Kodak says US catalogue printer Inserts East is saving time and money with its process-free plates.
The family-owned New Jersey company produces newspaper and direct mail advertising inserts on nine web presses, with volumes for one customer's weekly flyers running to six million impressions alone.
The plant handles both short and long run lengths on a range of paper stocks, from the lightest newsprint to heavy coated sheets, with web widths ranging from 229-1270mm. While traditional, processed and post-baked plates were extremely reliable, the company became frustrated with the time it took to get plates ready for the press, which was seven to eight minutes in some cases.
"Time is huge around here. We have nine presses sitting out on our floor, waiting for plates. The sooner we can get plates out to the presses, the better it is for our whole operation," said pre-production manager Cathy Hamilton.
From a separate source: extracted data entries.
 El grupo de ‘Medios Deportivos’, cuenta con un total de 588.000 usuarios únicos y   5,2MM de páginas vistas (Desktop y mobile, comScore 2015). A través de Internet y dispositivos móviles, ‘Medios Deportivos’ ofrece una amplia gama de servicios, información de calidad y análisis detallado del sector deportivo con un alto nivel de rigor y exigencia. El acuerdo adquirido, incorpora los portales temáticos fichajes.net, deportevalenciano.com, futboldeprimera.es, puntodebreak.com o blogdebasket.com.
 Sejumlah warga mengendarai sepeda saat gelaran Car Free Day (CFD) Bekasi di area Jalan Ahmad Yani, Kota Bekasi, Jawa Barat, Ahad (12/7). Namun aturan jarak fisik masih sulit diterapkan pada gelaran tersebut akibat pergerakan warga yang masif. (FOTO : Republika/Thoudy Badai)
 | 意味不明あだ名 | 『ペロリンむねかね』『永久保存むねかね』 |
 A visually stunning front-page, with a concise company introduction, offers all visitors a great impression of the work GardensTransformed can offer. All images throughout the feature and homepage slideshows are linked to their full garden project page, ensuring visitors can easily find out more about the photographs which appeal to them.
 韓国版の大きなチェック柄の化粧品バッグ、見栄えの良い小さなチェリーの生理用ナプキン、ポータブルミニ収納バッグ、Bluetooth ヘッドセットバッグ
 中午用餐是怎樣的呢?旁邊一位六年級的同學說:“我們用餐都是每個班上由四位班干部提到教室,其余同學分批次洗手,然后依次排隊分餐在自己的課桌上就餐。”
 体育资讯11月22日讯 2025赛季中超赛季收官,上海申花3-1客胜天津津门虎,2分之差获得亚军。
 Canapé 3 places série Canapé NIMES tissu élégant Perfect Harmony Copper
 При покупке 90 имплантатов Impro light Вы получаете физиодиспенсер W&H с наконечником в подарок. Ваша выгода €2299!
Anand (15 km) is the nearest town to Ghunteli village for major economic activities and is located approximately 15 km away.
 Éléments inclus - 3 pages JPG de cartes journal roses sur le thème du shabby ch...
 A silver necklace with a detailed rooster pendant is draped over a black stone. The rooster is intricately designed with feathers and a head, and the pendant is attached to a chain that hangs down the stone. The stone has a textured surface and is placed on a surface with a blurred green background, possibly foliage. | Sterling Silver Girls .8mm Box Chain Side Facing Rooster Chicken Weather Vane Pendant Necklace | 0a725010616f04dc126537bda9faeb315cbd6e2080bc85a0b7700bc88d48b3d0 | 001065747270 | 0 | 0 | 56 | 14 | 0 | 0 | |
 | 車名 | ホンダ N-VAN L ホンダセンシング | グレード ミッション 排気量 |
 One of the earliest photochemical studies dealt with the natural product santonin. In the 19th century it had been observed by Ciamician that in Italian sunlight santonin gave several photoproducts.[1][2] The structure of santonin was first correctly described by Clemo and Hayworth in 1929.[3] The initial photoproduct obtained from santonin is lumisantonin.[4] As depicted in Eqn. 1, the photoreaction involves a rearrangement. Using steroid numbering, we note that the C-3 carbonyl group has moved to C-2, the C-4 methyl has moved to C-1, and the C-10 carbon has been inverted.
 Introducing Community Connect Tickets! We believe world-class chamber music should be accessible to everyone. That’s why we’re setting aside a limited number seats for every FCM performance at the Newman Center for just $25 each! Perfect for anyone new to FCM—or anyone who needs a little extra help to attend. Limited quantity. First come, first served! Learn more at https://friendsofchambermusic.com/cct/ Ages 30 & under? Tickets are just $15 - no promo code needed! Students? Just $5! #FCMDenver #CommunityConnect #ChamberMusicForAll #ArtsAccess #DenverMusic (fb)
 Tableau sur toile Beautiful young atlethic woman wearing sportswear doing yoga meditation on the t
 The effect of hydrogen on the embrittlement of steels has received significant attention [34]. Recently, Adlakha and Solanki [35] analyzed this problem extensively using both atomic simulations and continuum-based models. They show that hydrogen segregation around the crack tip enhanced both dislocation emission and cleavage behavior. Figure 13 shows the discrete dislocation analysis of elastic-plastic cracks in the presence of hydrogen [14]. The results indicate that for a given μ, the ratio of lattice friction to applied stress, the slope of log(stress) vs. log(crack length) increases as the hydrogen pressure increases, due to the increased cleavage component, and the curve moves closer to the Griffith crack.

A conversation with process free plates focussed on ability to perform, given that Inserts East was already aware of cost-saving benefits from the elimination of chemistry.
Hamilton says the switch brought a number of game-changing process benefits while improving overall sustainability: "The time savings are tremendous," she says. "Because we no longer need to post bake plates, we are saving energy, and we are now completely free of any chemicals, which is awesome. Most importantly, we're realising all these benefits, while enjoying print quality that is equal to, if not better than, our previous post baked plates."
An investment in Kodak's CTP technology includes two Trendsetter News platesetters and two The combination of these with Sonora X plates has created a prepress environment that has increased productivity, sustainability, and service to its customers, she says.